A) Enantiodivergent Suzuki reactions of secondary alkylboron nucleophiles. B) General mechanism. C) Initial investigation of substrate and ligand influences on stereoselectivity. +% ee = net retention, −% ee = net inversion.

Many efforts have focused on the use of enantioenriched secondary alkylboron nucleophiles in Suzuki cross-coupling reactions (2–4). Significant limitations remain due to slow transmetallation of the highly covalent and sterically congested C(sp³)–B bond in these reagents, as well as the propensity of the resulting Pd-alkyl species to undergo β-hydride elimination/reinsertion sequences, which can result in isomerization of the alkyl group and racemization of the stereocenter. To circumvent prohibitively slow transmetallation, as well as competing β-hydride elimination/reinsertion pathways, most stereospecific Suzuki reactions have required the use of secondary alkylboron nucleophiles that are electronically activated via inclusion of a C(sp²) α-carbon, an a-heteroatom, and/or a strongly coordinating β-carbonyl group (5–17). In addition, alkylboron nucleophiles can undergo transmetallation via either stereoretentive or stereoinvertive pathways depending on the nature of the substrate, catalyst, and/or reaction conditions. In many cases, the factors controlling the dominant mechanism of transmetallation are not understood (Figure 1B). Thus, a predictive stereochemical model for transmetallation of alkylboron reagents remains elusive.

Recently, we reported a stereospecific Pd-catalyzed cross-coupling reaction using unactivated secondary alkylboron nucleophiles (18). With P^tBu₃ as a supporting ligand, enantioenriched arylation products were obtained with transmetallation proceeding primarily via a stereoinvertive mechanism. Whereas several enlightening mechanistic studies have recently been conducted on the transmetallation of arylboron nucleophiles (19–23), these studies have not addressed the transmetallation of alkylboron nucleophiles in C(sp³)–C(sp²) bond-forming processes (24–25).
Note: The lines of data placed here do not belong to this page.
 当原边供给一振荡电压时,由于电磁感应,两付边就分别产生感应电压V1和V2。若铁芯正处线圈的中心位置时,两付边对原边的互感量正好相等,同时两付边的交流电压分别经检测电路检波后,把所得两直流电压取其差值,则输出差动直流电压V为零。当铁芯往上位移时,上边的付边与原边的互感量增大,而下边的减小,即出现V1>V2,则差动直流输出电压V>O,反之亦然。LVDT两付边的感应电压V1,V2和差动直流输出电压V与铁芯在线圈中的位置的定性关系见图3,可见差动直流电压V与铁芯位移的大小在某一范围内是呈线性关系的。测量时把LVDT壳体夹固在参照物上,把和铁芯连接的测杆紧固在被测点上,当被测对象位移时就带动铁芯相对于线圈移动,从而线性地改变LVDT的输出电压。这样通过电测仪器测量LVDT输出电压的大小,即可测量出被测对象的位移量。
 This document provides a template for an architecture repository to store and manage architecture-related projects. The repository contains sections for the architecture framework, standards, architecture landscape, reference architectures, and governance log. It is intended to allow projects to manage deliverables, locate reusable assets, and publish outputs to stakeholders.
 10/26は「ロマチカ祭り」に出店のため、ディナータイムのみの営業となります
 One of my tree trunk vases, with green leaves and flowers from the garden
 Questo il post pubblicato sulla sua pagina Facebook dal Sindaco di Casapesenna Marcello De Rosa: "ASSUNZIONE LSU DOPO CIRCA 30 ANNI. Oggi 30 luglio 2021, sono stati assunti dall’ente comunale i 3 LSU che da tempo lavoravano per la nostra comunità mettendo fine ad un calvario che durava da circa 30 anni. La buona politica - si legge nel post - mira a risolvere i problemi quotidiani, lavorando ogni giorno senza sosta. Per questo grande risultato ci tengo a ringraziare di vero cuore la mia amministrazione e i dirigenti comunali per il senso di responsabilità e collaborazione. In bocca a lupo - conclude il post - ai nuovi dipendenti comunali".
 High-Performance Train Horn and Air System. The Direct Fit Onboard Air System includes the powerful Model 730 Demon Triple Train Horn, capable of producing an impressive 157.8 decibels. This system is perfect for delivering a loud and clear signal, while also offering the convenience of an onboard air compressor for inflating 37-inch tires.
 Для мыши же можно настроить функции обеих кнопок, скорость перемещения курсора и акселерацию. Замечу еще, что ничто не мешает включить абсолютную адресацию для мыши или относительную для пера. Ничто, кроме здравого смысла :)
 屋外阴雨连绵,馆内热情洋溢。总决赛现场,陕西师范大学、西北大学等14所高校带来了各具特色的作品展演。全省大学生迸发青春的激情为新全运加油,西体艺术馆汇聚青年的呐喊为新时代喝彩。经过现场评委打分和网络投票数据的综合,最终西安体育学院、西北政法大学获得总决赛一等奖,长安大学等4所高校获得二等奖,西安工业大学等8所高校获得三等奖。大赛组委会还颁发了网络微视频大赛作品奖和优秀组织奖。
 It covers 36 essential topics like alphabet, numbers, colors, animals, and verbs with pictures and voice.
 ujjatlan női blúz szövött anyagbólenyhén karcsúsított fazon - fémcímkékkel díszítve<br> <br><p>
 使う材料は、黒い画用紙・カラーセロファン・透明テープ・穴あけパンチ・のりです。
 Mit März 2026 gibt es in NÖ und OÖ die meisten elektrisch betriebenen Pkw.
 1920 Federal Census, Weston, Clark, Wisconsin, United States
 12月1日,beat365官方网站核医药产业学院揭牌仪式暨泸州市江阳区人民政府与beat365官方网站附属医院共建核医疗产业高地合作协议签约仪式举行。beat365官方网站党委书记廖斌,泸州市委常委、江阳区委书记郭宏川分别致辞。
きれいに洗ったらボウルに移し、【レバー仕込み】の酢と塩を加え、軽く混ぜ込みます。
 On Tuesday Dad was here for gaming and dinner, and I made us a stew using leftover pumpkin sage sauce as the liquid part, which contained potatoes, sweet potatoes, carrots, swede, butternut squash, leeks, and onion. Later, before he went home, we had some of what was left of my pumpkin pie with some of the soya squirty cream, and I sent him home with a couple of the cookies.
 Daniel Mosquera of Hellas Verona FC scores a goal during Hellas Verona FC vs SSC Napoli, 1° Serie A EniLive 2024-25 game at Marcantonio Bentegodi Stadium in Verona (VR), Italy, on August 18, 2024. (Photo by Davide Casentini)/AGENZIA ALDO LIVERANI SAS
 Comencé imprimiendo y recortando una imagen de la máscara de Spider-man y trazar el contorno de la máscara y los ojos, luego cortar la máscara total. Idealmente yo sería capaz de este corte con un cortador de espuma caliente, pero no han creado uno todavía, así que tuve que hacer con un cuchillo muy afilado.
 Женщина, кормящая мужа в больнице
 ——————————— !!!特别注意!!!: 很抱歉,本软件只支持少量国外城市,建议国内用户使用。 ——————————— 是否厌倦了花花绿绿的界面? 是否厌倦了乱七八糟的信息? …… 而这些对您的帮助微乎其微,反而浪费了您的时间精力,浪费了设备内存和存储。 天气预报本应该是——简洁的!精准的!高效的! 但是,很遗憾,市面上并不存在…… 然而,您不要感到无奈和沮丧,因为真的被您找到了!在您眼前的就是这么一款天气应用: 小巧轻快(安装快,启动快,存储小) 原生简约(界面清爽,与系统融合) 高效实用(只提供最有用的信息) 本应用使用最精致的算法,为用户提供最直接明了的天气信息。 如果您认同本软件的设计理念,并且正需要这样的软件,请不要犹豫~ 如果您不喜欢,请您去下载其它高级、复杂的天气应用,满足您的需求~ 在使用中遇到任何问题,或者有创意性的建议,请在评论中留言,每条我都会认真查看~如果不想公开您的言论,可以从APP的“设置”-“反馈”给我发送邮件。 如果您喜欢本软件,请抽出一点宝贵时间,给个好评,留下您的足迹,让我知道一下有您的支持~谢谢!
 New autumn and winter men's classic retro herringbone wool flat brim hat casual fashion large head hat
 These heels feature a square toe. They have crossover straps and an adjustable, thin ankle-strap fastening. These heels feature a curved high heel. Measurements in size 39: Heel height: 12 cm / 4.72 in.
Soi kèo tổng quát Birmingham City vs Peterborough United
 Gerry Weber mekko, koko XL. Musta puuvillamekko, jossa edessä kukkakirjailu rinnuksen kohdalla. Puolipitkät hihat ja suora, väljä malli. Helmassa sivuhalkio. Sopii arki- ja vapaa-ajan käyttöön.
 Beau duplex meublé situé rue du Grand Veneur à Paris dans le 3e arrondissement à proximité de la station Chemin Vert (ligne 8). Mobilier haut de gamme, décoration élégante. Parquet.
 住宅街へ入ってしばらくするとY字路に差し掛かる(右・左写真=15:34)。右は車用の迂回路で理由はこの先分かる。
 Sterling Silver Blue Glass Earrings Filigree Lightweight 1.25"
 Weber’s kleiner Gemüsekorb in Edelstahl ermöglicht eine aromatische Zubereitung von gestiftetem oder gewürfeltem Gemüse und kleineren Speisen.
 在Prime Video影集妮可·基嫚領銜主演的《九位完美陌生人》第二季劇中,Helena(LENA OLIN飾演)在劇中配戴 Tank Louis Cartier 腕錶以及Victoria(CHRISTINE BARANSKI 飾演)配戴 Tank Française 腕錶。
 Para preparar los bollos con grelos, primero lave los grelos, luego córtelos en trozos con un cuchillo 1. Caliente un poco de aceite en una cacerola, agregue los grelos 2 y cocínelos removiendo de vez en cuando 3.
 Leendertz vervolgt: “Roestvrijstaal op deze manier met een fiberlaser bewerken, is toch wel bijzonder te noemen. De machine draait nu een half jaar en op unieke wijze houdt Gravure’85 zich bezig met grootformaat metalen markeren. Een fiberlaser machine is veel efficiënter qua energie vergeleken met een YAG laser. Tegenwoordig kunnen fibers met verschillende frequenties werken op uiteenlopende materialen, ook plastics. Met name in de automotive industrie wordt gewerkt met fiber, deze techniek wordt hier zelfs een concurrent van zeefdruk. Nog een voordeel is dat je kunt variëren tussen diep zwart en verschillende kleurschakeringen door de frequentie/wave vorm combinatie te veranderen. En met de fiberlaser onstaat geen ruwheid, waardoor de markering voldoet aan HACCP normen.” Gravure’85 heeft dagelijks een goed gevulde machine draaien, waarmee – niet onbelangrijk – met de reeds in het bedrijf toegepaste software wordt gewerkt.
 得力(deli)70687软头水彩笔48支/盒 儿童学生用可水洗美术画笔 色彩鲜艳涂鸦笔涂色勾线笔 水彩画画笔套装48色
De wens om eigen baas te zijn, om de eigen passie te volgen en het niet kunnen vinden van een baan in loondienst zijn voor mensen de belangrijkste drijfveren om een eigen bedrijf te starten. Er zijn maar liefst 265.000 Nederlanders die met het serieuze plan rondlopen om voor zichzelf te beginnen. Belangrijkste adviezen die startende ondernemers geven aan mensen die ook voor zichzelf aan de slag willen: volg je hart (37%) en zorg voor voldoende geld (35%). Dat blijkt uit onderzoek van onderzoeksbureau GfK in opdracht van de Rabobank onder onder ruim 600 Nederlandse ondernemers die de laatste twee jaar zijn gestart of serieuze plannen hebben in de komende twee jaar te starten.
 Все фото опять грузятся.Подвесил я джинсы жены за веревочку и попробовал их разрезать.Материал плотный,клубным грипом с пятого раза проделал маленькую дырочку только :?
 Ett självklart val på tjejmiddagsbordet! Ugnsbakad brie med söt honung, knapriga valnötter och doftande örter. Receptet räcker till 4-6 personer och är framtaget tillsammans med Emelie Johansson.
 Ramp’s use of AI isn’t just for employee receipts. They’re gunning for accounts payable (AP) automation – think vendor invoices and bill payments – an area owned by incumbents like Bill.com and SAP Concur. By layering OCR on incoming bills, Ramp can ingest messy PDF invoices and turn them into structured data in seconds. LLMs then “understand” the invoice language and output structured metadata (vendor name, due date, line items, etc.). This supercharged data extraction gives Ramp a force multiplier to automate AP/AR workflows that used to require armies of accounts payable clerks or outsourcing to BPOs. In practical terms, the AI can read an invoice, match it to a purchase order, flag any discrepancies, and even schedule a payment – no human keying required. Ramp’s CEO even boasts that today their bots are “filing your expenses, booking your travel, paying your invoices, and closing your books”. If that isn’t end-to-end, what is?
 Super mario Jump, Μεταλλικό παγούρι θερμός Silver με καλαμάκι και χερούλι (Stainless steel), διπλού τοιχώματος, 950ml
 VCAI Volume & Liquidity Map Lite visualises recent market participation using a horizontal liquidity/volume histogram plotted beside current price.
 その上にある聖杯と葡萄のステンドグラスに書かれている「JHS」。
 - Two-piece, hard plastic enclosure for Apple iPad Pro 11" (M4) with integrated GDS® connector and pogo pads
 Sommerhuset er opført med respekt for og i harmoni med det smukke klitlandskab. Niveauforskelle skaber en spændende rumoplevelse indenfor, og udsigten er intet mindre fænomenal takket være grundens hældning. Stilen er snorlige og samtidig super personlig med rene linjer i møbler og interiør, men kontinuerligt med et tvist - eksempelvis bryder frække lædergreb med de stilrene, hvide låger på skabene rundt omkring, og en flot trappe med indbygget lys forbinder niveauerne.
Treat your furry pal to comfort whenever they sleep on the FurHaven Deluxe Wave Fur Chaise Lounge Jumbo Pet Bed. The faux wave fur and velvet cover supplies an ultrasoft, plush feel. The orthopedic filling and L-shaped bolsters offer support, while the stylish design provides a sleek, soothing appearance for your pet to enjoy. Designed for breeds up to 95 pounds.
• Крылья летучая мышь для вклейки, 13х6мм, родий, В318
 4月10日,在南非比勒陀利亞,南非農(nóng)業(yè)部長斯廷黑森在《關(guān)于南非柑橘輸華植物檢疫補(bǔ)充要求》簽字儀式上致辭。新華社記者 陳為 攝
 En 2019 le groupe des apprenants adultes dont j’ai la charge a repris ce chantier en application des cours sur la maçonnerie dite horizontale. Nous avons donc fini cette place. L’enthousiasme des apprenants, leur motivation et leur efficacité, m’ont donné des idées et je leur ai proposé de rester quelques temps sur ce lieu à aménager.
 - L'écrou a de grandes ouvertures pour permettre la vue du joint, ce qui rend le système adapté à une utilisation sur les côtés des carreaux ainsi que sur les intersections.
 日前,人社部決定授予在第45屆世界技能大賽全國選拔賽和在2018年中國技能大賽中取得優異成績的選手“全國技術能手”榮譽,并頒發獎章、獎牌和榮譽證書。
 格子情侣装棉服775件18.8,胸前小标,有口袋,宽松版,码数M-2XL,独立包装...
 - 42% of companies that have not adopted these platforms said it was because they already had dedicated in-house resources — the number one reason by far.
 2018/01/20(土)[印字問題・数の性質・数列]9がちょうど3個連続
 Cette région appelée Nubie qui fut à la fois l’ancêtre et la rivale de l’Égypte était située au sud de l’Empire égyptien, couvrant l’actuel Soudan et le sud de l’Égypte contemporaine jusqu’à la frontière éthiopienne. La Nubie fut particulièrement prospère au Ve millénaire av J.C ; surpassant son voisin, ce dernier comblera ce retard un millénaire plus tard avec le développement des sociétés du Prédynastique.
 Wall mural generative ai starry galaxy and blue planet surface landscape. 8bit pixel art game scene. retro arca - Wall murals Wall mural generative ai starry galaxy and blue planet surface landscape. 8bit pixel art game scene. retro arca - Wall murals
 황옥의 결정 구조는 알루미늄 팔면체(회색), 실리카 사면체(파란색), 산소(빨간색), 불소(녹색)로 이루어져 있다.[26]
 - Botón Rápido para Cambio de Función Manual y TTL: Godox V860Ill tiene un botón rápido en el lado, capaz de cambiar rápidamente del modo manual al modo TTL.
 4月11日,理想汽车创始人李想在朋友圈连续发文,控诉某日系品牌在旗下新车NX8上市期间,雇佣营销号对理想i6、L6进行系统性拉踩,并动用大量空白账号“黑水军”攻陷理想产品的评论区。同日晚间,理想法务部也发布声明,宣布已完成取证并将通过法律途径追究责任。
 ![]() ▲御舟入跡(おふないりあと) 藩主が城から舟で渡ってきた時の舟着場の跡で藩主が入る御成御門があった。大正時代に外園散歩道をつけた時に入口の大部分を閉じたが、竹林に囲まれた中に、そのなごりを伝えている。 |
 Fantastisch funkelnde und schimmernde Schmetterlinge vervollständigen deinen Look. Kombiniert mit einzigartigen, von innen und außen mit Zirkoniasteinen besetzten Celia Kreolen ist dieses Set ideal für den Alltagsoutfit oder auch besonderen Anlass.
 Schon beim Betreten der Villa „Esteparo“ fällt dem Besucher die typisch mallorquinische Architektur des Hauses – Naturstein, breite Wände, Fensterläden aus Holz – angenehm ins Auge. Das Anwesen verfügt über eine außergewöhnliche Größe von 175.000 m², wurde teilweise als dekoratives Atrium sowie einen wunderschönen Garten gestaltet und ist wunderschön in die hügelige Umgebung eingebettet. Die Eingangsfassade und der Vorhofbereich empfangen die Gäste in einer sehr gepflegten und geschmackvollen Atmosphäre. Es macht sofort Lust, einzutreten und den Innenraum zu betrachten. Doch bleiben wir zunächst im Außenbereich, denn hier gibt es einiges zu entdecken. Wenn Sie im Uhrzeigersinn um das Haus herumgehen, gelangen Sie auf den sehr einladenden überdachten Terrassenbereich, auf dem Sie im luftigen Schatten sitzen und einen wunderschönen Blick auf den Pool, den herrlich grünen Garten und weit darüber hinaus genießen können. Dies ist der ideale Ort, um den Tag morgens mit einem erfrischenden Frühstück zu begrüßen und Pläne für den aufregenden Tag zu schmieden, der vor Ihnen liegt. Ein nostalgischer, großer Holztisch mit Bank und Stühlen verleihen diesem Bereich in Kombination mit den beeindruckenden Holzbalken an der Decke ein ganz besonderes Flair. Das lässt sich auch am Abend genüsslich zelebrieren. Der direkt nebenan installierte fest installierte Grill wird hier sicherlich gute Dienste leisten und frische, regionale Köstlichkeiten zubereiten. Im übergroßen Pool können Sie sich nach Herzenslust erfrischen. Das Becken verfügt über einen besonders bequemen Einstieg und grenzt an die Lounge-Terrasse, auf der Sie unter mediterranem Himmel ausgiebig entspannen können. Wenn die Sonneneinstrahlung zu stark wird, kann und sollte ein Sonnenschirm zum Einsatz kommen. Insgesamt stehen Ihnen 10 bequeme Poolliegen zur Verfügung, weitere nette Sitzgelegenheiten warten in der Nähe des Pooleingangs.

Thus, unactivated alkylboron nucleophiles constitute an attractive starting point from which to investigate the reaction parameters most influential to the mechanism of alkylboron transmetallation. This mechanistic work should simultaneously facilitate the development of new synthetic methods to rationally incorporate/manipulate stereocenters via cross-coupling strategies. To this end, we report a study using predictive statistical models (26–27) to relate phosphine ligand properties to stereochemical outcomes obtained from Pd-catalyzed Suzuki reactions of unactivated enantioenriched secondary alkylboron nucleophiles and aryl electrophiles. With statistical models that rely on a next generation set of molecular descriptors, we achieved a stereoretentive Pd-catalyzed cross-coupling reaction of such nucleophiles. Furthermore, we have identified an improved ligand for the stereoinvertive variant, thus enabling an entirely ligand-controlled enantiodivergent process from a single-enantiomer organoboron nucleophile (28). Our statistical models also provide compelling evidence that each transmetallation pathway is intimately tied to specific electronic properties of the supporting ligand, which serves as a predictive guide to the mechanism of alkylboron transmetallation to palladium.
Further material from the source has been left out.